● **What needs to be done**
Each line below from the line with "DIVINE「bye-bye" to the line with "答:对大病医疗扣除设定扣除金" must be copied exactly, including those two, and no picture may appear in the copy.

● **Provided data**
----------------

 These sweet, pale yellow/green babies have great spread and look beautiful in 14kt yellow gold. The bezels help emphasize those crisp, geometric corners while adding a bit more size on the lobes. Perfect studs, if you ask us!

----------------

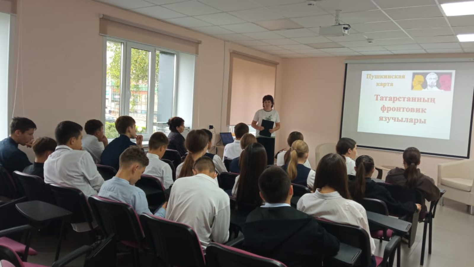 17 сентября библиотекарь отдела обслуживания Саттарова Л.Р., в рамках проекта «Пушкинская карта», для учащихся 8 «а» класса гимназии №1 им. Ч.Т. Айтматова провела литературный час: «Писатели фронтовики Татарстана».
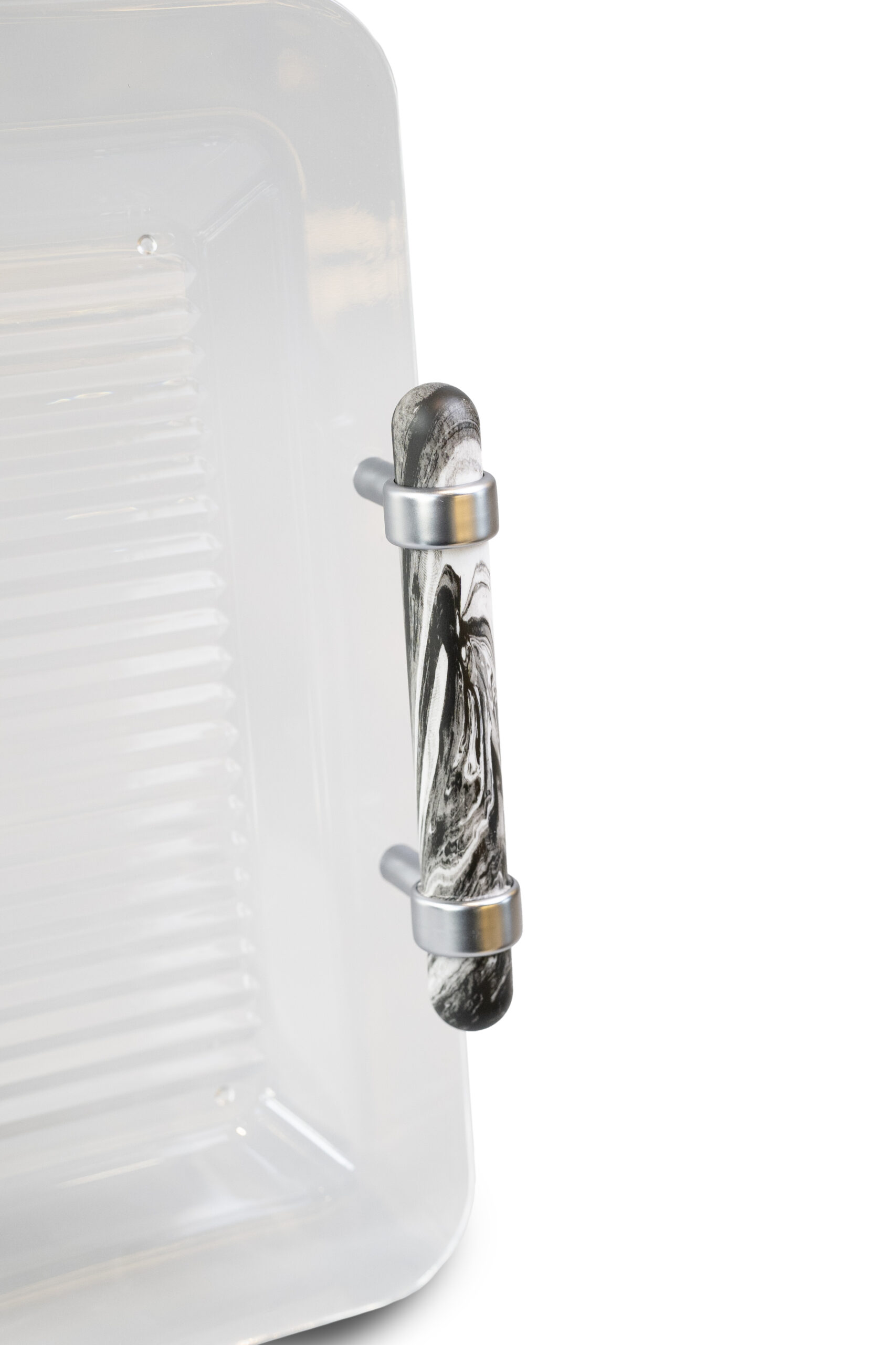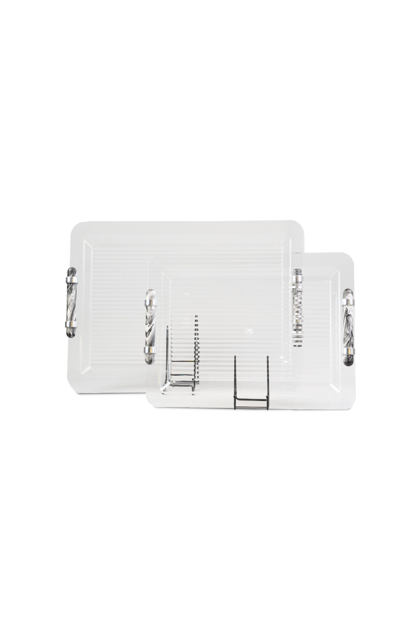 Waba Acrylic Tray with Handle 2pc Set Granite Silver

----------------

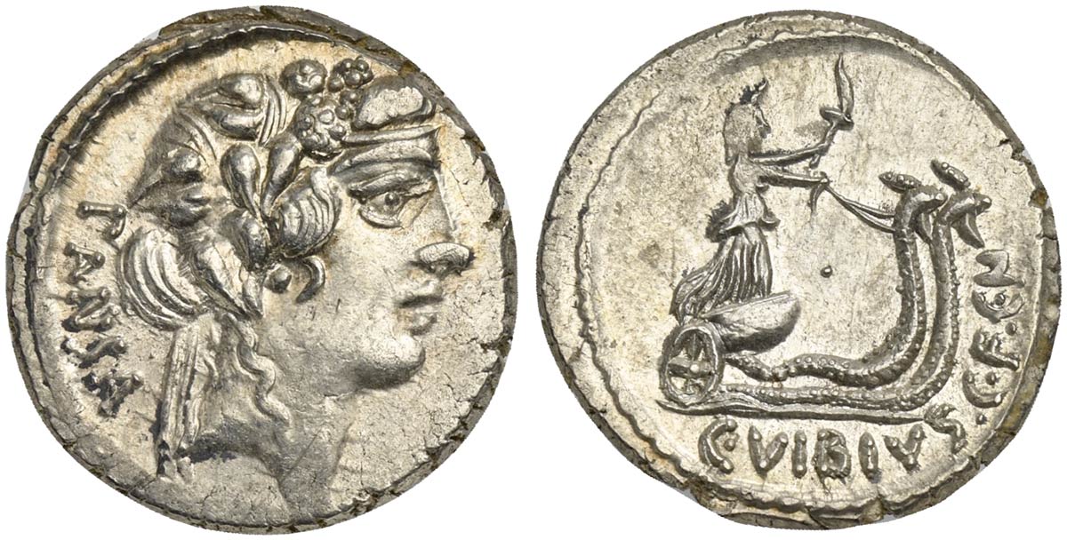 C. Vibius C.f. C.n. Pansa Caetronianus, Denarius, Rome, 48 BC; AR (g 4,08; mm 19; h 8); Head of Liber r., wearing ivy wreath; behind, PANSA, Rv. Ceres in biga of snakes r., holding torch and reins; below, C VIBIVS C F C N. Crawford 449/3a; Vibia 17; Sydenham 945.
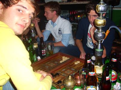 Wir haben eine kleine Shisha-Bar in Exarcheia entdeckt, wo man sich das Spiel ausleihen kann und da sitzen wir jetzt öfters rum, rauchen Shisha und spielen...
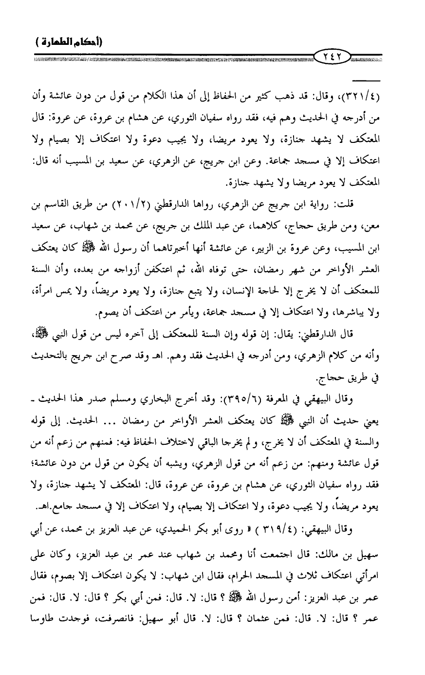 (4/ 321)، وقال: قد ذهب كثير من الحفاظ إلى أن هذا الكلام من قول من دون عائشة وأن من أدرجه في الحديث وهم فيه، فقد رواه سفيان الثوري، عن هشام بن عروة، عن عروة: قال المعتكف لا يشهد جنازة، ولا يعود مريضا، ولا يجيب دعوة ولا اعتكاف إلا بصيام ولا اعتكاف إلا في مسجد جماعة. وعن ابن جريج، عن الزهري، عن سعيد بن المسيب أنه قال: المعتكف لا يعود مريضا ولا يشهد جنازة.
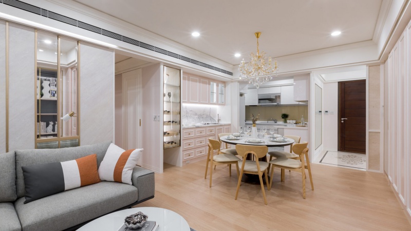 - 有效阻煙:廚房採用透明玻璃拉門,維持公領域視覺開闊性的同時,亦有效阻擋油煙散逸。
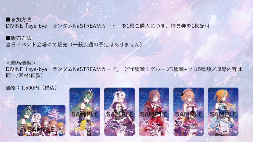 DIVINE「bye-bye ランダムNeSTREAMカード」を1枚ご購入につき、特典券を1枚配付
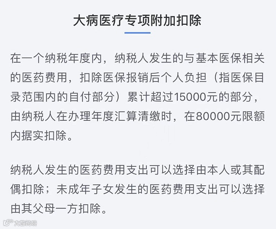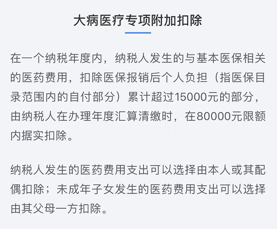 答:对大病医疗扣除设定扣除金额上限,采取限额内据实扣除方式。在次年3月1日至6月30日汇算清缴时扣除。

----------------

● **Solved problem**
 DIVINE「bye-bye ランダムNeSTREAMカード」を1枚ご購入につき、特典券を1枚配付
 答:对大病医疗扣除设定扣除金额上限,采取限额内据实扣除方式。在次年3月1日至6月30日汇算清缴时扣除。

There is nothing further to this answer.